Within this context, he was satisfied that the presumption in favour of living should give way to P’s strongly held views prior to her becoming incapacitated, that she would not wish to be kept alive in her “current parlous condition”.

1 comment;


  1. If we could, shouldn’t we also consult the minimally conscious themselves, before killing them by thirst and starvation, as to whether they’d like that, rather than merely trying to guess their preferences based upon anything they’d said earlier in life, as in the present case?

    I was dismayed (and do not blame you at all for this) that the court judgment you blogged about, a judgment of (in this case) the euphemistically named “Court of Protection” did not address any ethical obligation there might be to use best endeavours to elicit the up-to-date preferences of any so-called “minimally conscious” patients themselves, using the most advanced (and even experimental) methods available for communicating with so-called “minimally conscious” patients.

    Minimally conscious patients, that is, whom clinicians, relatives and bureaucrats alike typically contemplate, in cases like these, whether with dread or relish, killing by starvation and dehydration (the latter a horrible way to die). Sometimes, that is, disagreeing and inviting the courts to settle their squabbles about the so-called “best interests” of patients whom (almost invariably) nobody has ever bothered recently to consult about their wishes, by the time the courts rule; as now by all accounts.

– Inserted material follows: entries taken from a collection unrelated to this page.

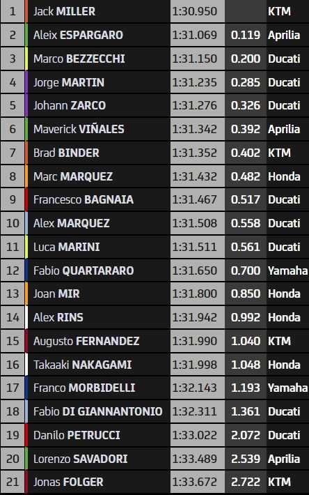 Tombé dans son dernier tour, Marc Marquez (8e) a toutefois sauvé une place en Q2 pour son retour à la compétition, terminant juste derrière la KTM de Brad Binder (7e). Il met derrière lui son frère Alex (10e), mais aussi le leader du championnat, Francesco Bagnaia (9e), pas au mieux ce vendredi. Attention, toutefois, à ne pas se lancer trop tôt dans les pronostics : Pecco a dû passer par le repêchage à Jerez, avant d’entrer en Q2 puis de gagner le dimanche.
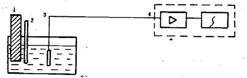 1:溫度控制儀、2:玻璃棒溫度計、3:溫度傳感器、4:數(shù)字電壓表(測量放大、自動顯示) 循環(huán)式恒溫水槽按圖4所表表示的方法,將溫度傳感器置于循環(huán)杯的幾何中心,進行15min的連續(xù)測試記錄。
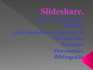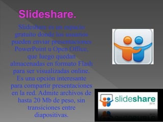 Slideshare es una plataforma gratuita lanzada en 2006 que permite a los usuarios subir y compartir presentaciones en formato flash, con un límite de 20 MB por archivo. El sitio, adquirido por LinkedIn en 2012, recibe aproximadamente 56 millones de visitantes únicos al mes y compite con servicios como Scribd e Issuu. Ofrece interacción a través de comentarios, aunque no permite modificaciones en los archivos publicados ni la visualización de animaciones o videos insertados.
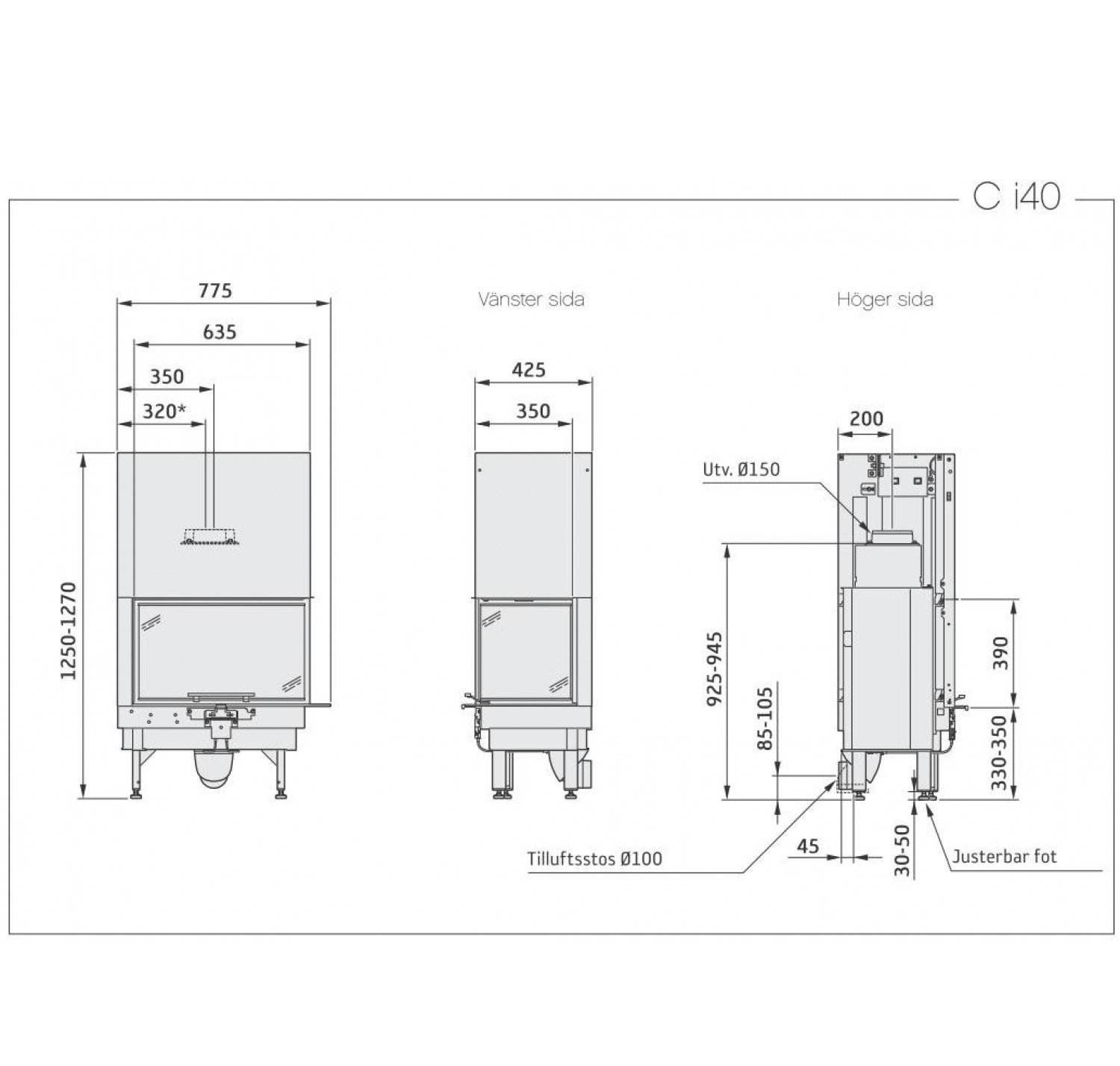Contura i40, стекло слева

    Or the actual parties not disagreeing as the (present) case was. For the relatives and bureaucrats this time were unanimous in wanting the patient concerned dead, the sooner the better, even if a horrible death by thirst was to be the fate that the victim suffered, albeit (let’s hope) remaining minimally conscious of what she was suffering most of the time, so that she didn’t suffer too much. No, in this case it was mere clinicians that had qualms about doing the actual killing that their patient’s family, the clinicians desk-job superiors and (it turned out) the courts too all demanded that they inflict upon the particular patient they didn’t want to kill. These dissenting clinicians were mere witnesses at the hearing, not parties to the legal action, according to your scholarly report, for which I am grateful.

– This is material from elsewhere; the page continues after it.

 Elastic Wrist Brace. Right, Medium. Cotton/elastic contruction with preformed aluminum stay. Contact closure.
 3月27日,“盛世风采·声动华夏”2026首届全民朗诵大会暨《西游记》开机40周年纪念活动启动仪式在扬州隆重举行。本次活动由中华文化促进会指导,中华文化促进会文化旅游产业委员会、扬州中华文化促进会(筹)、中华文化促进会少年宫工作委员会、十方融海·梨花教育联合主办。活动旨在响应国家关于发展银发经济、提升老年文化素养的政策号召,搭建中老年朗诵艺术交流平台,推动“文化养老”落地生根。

    I invite you read the following blog post of mine,

    Scott’s law: Talk to me, don’t just starve me to death!
    https://johnallmanuk.wordpress.com/2018/08/03/scotts-law-talk-to-me-dont-just-starve-me-to-death/

    following links as necessary, in order to satisfy yourself that my point is well-researched and well-founded,

    Nowadays we can and ought to try to try to ask patients what they want and how they feel, before subjecting them to death by starvation and thirst. I have published the proof that we can ask them, and sometimes discover their answers, minimally conscious they might be. That new science ought to change everything about the ethics applied in such cases, including decisions of Lord Justices. Don’t you agree?